> _THE PROBLEM_: Locate all lines in the data below that hold "цвет" and show them.
*** EXERCISE DATA ***
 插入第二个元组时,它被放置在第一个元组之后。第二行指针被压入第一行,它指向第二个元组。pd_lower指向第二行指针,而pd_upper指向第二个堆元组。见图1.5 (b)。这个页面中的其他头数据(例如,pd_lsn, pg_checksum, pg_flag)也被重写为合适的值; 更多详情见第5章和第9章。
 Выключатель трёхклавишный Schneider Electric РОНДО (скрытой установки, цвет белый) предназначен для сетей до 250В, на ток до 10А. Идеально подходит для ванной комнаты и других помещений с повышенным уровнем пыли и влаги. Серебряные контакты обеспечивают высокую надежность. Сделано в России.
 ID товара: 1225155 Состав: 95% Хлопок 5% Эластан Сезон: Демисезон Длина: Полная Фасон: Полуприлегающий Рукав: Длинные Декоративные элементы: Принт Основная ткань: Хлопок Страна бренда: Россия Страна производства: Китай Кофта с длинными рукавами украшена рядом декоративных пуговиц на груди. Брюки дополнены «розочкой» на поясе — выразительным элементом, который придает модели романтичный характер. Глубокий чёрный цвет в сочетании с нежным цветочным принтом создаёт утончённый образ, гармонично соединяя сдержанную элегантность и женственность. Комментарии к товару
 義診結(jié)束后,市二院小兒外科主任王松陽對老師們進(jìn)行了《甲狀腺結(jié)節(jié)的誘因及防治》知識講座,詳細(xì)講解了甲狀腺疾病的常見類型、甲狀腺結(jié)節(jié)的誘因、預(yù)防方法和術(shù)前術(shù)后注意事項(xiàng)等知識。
***
*** EXERCISE DATA ***
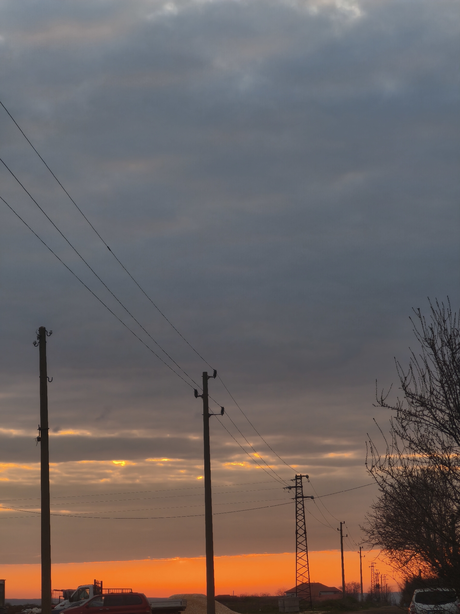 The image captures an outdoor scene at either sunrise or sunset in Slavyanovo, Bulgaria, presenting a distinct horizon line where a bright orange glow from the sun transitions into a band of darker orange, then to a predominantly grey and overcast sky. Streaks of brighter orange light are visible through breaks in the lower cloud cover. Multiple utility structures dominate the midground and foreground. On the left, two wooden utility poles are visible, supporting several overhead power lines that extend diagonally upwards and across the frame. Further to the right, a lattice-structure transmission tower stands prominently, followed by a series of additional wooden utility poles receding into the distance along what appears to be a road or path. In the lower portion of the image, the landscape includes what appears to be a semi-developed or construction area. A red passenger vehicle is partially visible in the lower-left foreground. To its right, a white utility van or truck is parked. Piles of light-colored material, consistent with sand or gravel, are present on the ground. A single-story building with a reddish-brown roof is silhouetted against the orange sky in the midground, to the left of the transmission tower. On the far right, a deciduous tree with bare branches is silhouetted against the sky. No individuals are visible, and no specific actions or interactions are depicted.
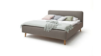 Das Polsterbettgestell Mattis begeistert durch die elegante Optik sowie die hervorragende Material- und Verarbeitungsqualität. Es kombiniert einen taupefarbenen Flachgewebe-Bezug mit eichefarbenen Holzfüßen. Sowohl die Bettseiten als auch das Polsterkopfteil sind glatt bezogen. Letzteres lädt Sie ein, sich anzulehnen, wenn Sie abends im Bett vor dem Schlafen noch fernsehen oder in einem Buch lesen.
***
> _EXPECTED ANSWER_:
 Выключатель трёхклавишный Schneider Electric РОНДО (скрытой установки, цвет белый) предназначен для сетей до 250В, на ток до 10А. Идеально подходит для ванной комнаты и других помещений с повышенным уровнем пыли и влаги. Серебряные контакты обеспечивают высокую надежность. Сделано в России.
 ID товара: 1225155 Состав: 95% Хлопок 5% Эластан Сезон: Демисезон Длина: Полная Фасон: Полуприлегающий Рукав: Длинные Декоративные элементы: Принт Основная ткань: Хлопок Страна бренда: Россия Страна производства: Китай Кофта с длинными рукавами украшена рядом декоративных пуговиц на груди. Брюки дополнены «розочкой» на поясе — выразительным элементом, который придает модели романтичный характер. Глубокий чёрный цвет в сочетании с нежным цветочным принтом создаёт утончённый образ, гармонично соединяя сдержанную элегантность и женственность. Комментарии к товару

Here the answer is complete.